What is Maintenance Methylation?
Maintenance methylation is an activity that is necessary to preserve DNA methylation after every cellular DNA replication cycle. DNA nucleotide methyl transferase 1 mediates the methylation pattern of DNA during replication.
Figure 02: Maintenance Methylation
DNMT1 methylates newly synthesized CpG sequences depending on the methylation status of the template strand. Here, UHRF1 (ubiquitin-like, containing PHD and RING finger domains 1), which is a bridging protein, interacts with DNMT1 and hemimethylated CpG. This will lead to the maintenance of hemimethylated CpG dinucleotides pattern at the DNA fork. Without DNA nucleotide methyl transferase 1, the machinery of replication will produce daughter strands that are unmethylated. This, in the end, would lead to passive demethylation. Therefore, maintenance methylation is an important process responsible for copying DNA methylation patterns to the daughter strands during DNA replication.

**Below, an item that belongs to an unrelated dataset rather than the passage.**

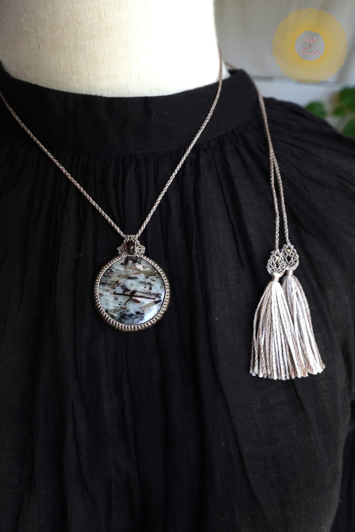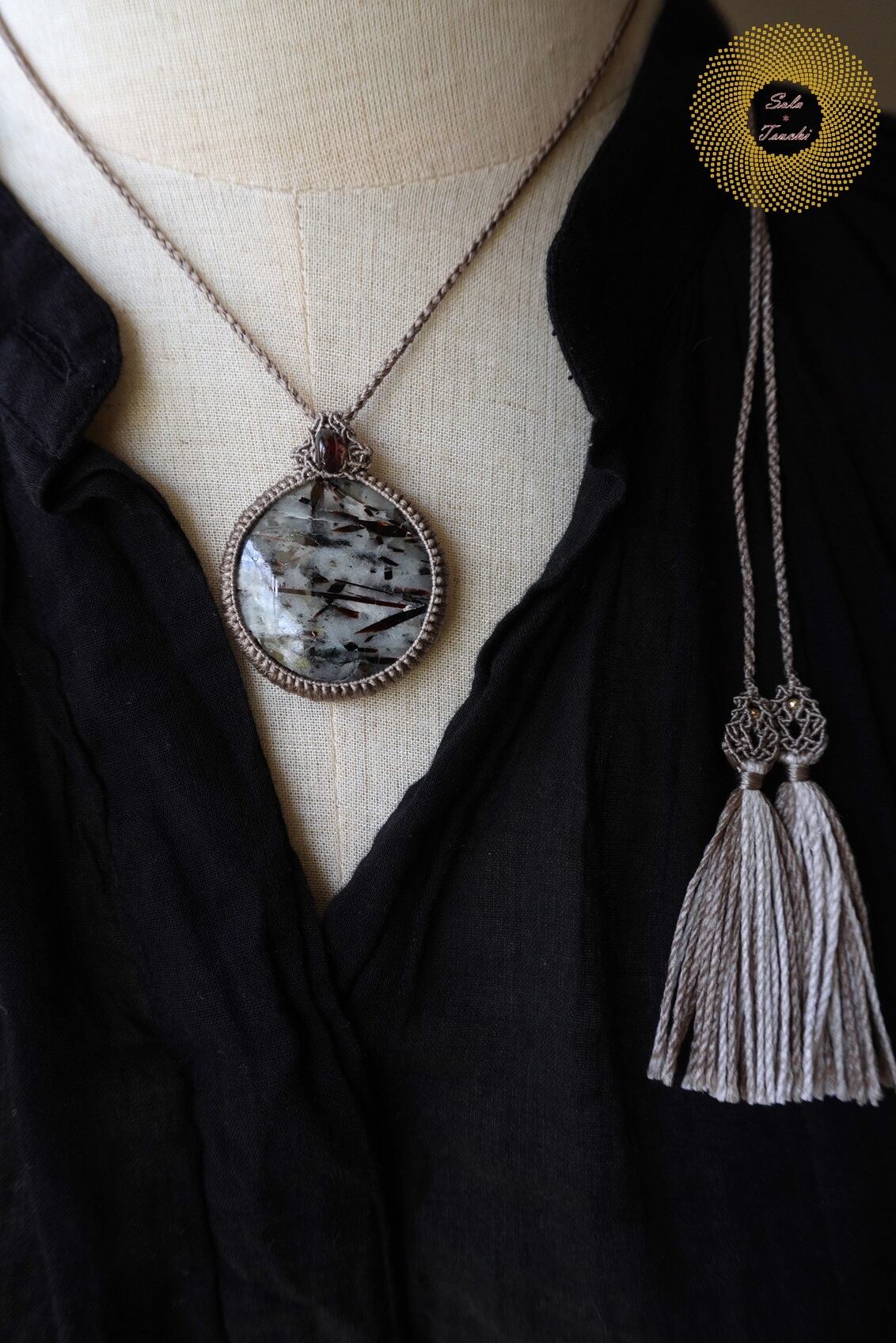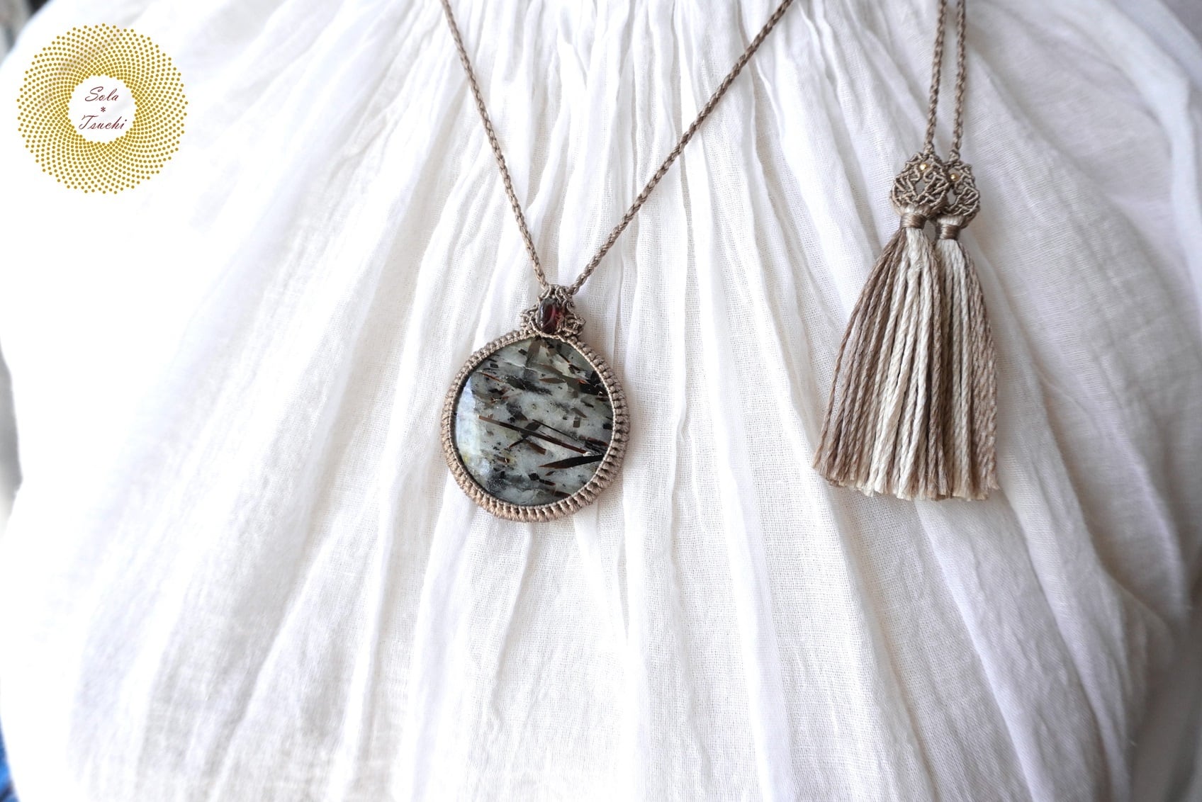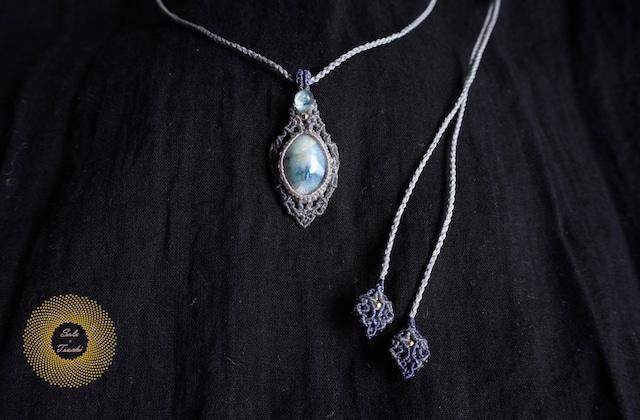 (絹糸)アストロフィライトとガーネットのマクラメ編みペンダント 〜Encounter〜
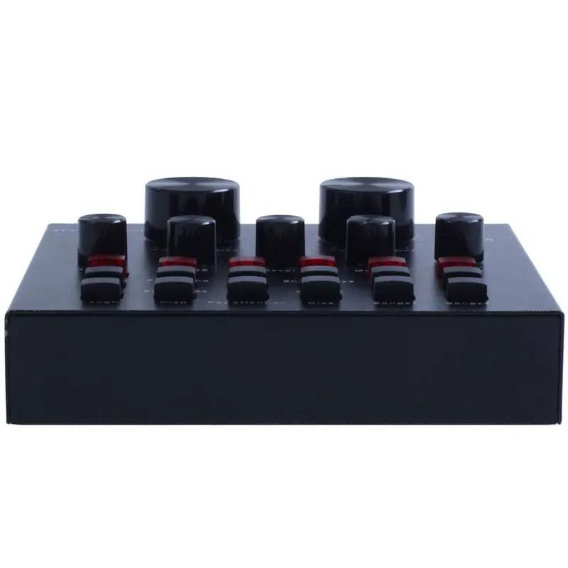 Характеристики звуковой карты: 12 видов электронных звуков, 12 видов звуковых эффектов, 6 видов режимов эффекта, Регулировка размера реверберации, регулировка громкости микрофона, высокая и низкая Регулировка звука, регулировка громкости записи, регулировка громкости музыки, регулировка громкости монитора (функция возврата уха). Поддерживает использование мобильных компьютеров, поддерживает одну гарнитуру для использования, 7 видов подключения: один сотовый телефон караоке live, двойной мобильный телефон live, три мобильный телефон live, мобильный компьютер синхронный прямой эфир, одиночная компьютерная трансляция, компьютерное сопровождение мобильный телефон live, музыкальный инструмент вход мобильный телефон live.

What are the Similarities Between De Novo Methylation and Maintenance Methylation?
- De novo methylation and maintenance methylation are cellular processes.
- Moreover, they involve in DNA replication.
- Both are key components of the DNA methylation process.
- These processes consist of different catalysts.
- Both de novo methylation and maintenance methylation are important irreplaceable processes during DNA replication.
What is the Difference Between De Novo Methylation and Maintenance Methylation?
De novo methylation utilizes the enzymes DNMT3A and DNMT3B, while maintenance methylation utilizes one enzyme, DNMT1. Thus, this is the key difference between de novo methylation and maintenance methylation. The catalyst UHRF1 is not used in de novo methylation, whereas it is used in maintenance methylation. Moreover, failure in de novo methylation leads to epigenetic effects, while failure in maintenance methylation leads to passive methylation.
The below infographic presents the differences between de novo methylation and maintenance methylation in tabular form for side-by-side comparison.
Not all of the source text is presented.